Really nice. Two people made them on the quilting retreat I attended. Cutting the notches seemed to be about the most time consuming part. I really like the first one. Did you use flannel on the back?


----------



## hmsteader71 (Mar 16, 2006)

No, I used squares of the same material as the front. I had about 6 different bolts of material that I had cut. I bought 24 yards of material and it took most of it. 2 of the blocks are Americana. One has stars & the other stripes and I did this for my son-n-law who is the in the Army.  Yes, all of the snipping takes time but I think the most time consuming part is cutting out all of the individual squares.


----------



## stef (Sep 14, 2002)

Very, very nice. You have patience, lady! **


----------



## Debbie in Wa (Dec 28, 2007)

Love your quilts. I find that giving the blanket to hubby with scissors is the only way to go. He's watching t.v. anyways!


----------



## hmsteader71 (Mar 16, 2006)

Hahahaha I've found that doing rag quilting will GIVE you patience!


----------



## Kasota (Nov 25, 2013)

May I chime in? I just love rag quilts. Here is a picture of my first effort at a rag quilt.


----------



## hmsteader71 (Mar 16, 2006)

Kasota-How did you do the hearts? I love that!


----------



## mrs whodunit (Feb 3, 2012)

I love rags quilts.

Made one for our bed years ago.

Have plans to make a love seat cover out of jeans done in rag style.


----------



## Kasota (Nov 25, 2013)

I made each heart separately. I basically made the hearts the same way as any other piece - two pieces of fabric with some muslin sandwhiched in between. I stitched around the edge of the hearts (each individually) so that I could clip them when they were "stand alone hearts" and then I just used that same stitch line to attach them to the quilt...so kind of like a rag-quilt applique. This had the added benefit of locking down the fabric layers of the white piece that is the background for each set of hearts which is bigger than the squares you see in most rag quilts.

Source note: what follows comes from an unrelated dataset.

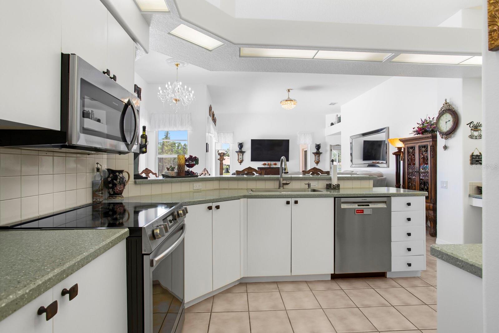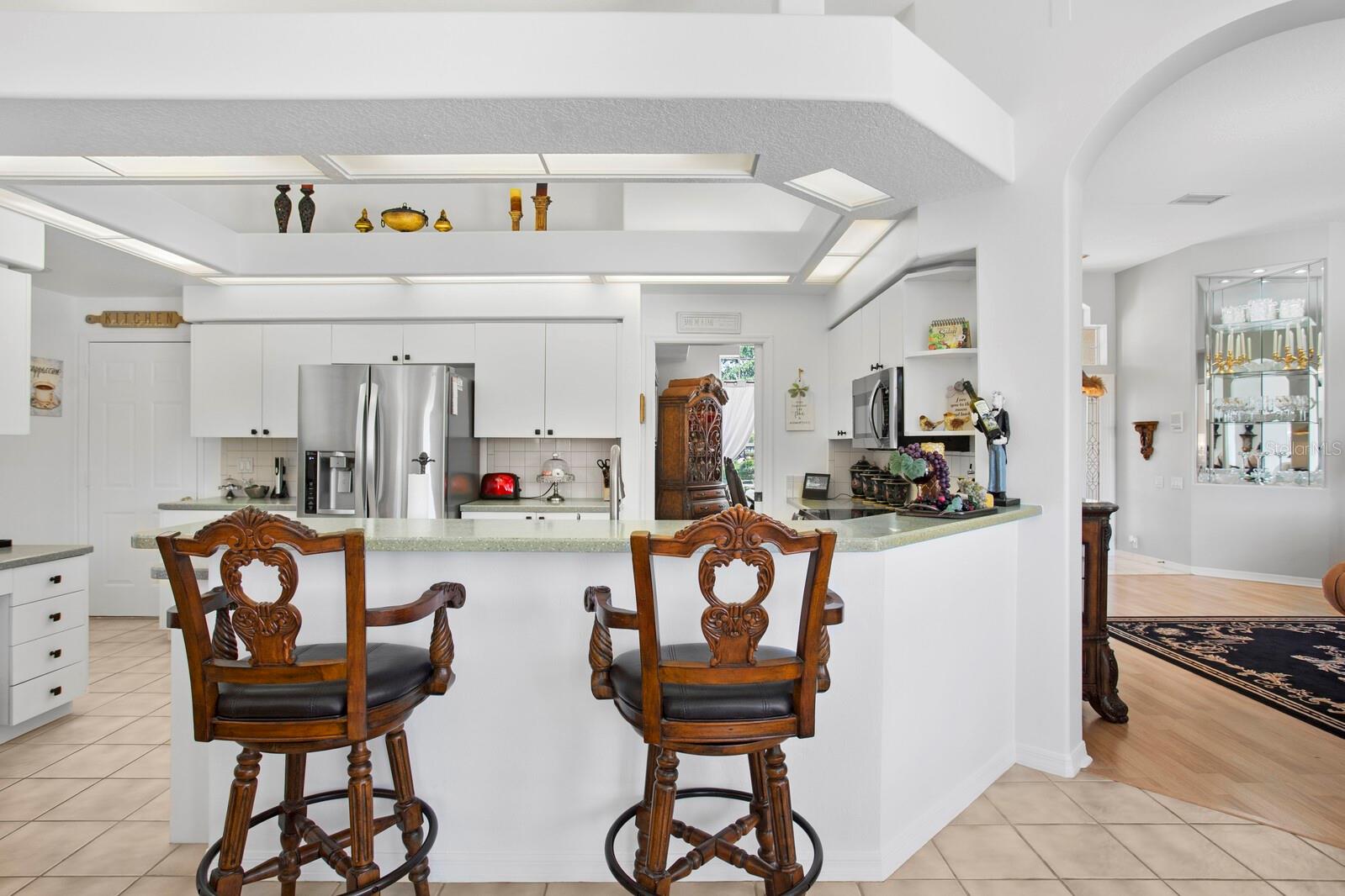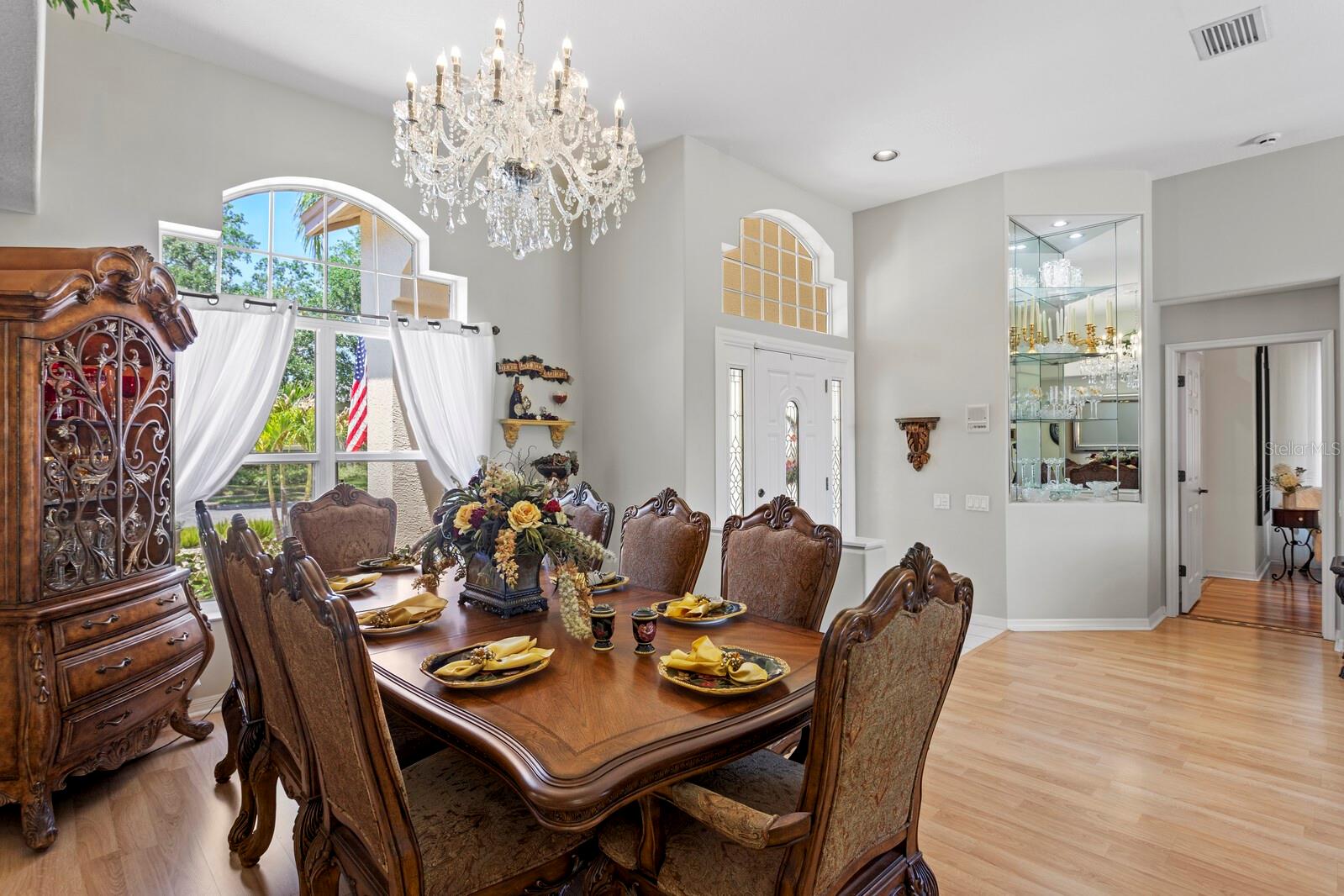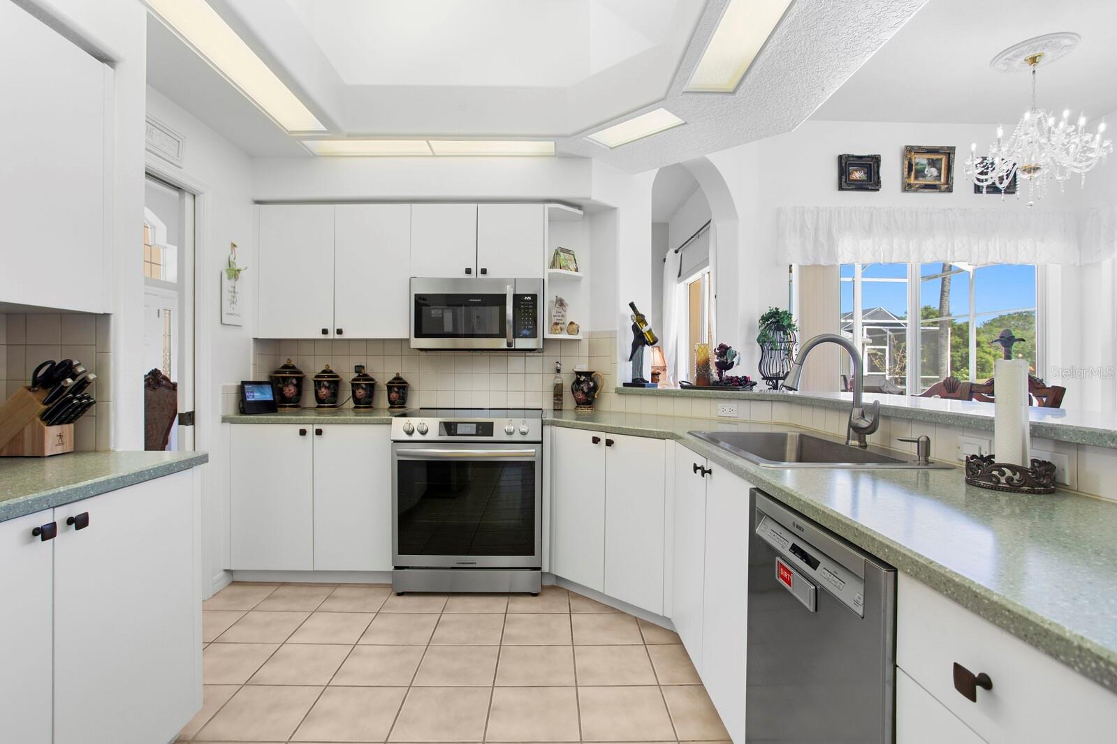 Elegant Arthur Rutenberg Pool Home with Conservation and Golf Course Views in Epping Forest. Welcome to this meticulously maintained 3-bedroom, 2-bathroom, 3-car garage home located in the sought-after Epping Forest community of Zephyrhills. This classic Arthur Rutenberg home offers 2,075 square feet of heated living space on a beautifully landscaped lot, with scenic views of the 5th hole of the Links of Lake Bernadette Golf Course. As you step through the freshly painted double leaded glass front doors, you’re welcomed by soaring ceilings, tile and new hardwood flooring in all three bedrooms, and an open floor plan designed for both comfort and entertaining. The interior has been freshly painted, including updated kitchen cabinetry, enhancing the home’s clean and contemporary appeal. The formal dining room is elegant and bright, featuring a custom chandelier and an arched window. Throughout the home, you’ll notice new light fixtures inside and out, updated ceiling fans, and new curtains. The adjacent living room flows seamlessly into the formal living area, with triple sliding doors framing serene views of the screened lanai and fairway beyond. The kitchen is perfectly positioned at the heart of the home and now features a new kitchen sink and fixtures, new garbage disposal, new stove, and new microwave. White cabinetry and a breakfast bar complement the eat-in dinette, which overlooks the patio and sweeping golf course views. A large pantry and ample prep space make it ideal for any home chef. The spacious family room boasts vaulted ceilings, tile flooring, and sliding doors that open wide to the expansive screened lanai, creating a true indoor/outdoor lifestyle. The home is equipped with a new HVAC system and updated thermostat wiring, offering modern energy efficiency and comfort. The private primary suite, located on the east side of the home, includes new hardwood flooring, two walk-in closets, and tranquil golf course views. The spa-inspired en-suite bathroom features dual sinks with new fixtures, a soaking tub beneath an arched window, a separate walk-in shower, and a private water closet with a new toilet. Two additional bedrooms on the opposite side of the home are generously sized and share a fully renovated bathroom with a new sink fixture and new toilet. Whether used as guest rooms or a home office, they offer flexibility and comfort. Step outside to the oversized screened lanai, where you'll find a covered rear porch, wet bar, and outdoor refrigerator. The new landscaping, including two beautiful trees, enhances the curb appeal and complements the peaceful backyard views of the “Windward” hole of the golf course and tranquil pond. There are no rear neighbors—just wide-open skies and Florida sunshine. The 3-car garage has also been refreshed with painted floors and baseboards, new lights and fixtures, and newly painted garage doors inside and out. Located close to I-75, Advent Health, top-rated schools, restaurants, and shopping, this move-in-ready golf course home blends timeless design with thoughtful modern updates. Don’t miss this rare opportunity to own a beautifully upgraded Arthur Rutenberg home in one of Zephyrhills’ most desirable neighborhoods.

I do love making quilts but mine are pretty basic and NOTHING like what I see others do here. I admire everyone's work here so much! I picked a rag quilt to do because it is ... ummm... more than a little forgiving.


----------



## hmsteader71 (Mar 16, 2006)

Me too Kasota. I am just a beginner. I've got my daughter's twin size quilt on the frame where it's been for a few years now. I started it 10 years ago or longer. I'm very intimidated by the actual quilting process. Plus, my frame doesn't allow for it being taut on it and so I just know it's not going to come out right. But I've been working on it this week and hope to finish it soon. It will now probably be my granddaughters since daughter is married.


----------



## Kasota (Nov 25, 2013)

Hmsteader71, I can sure understand! When I sold my farm I bought myself a brand spankin' new Janome with all the bells and whistles...at least it was for me at the time. That machine knows more about sewing than I do! I have to sometimes remind myself to not be afraid of the whole process of quilting. But I am starting to remember what I had learned decades ago when I was young and used to sew a lot of my own clothes. 

There have been days when I have been flat intimidated by my own sewing machine. Maybe I should give her a name, like I did my spinning wheel, so that we can build a better relationship. LOL!


----------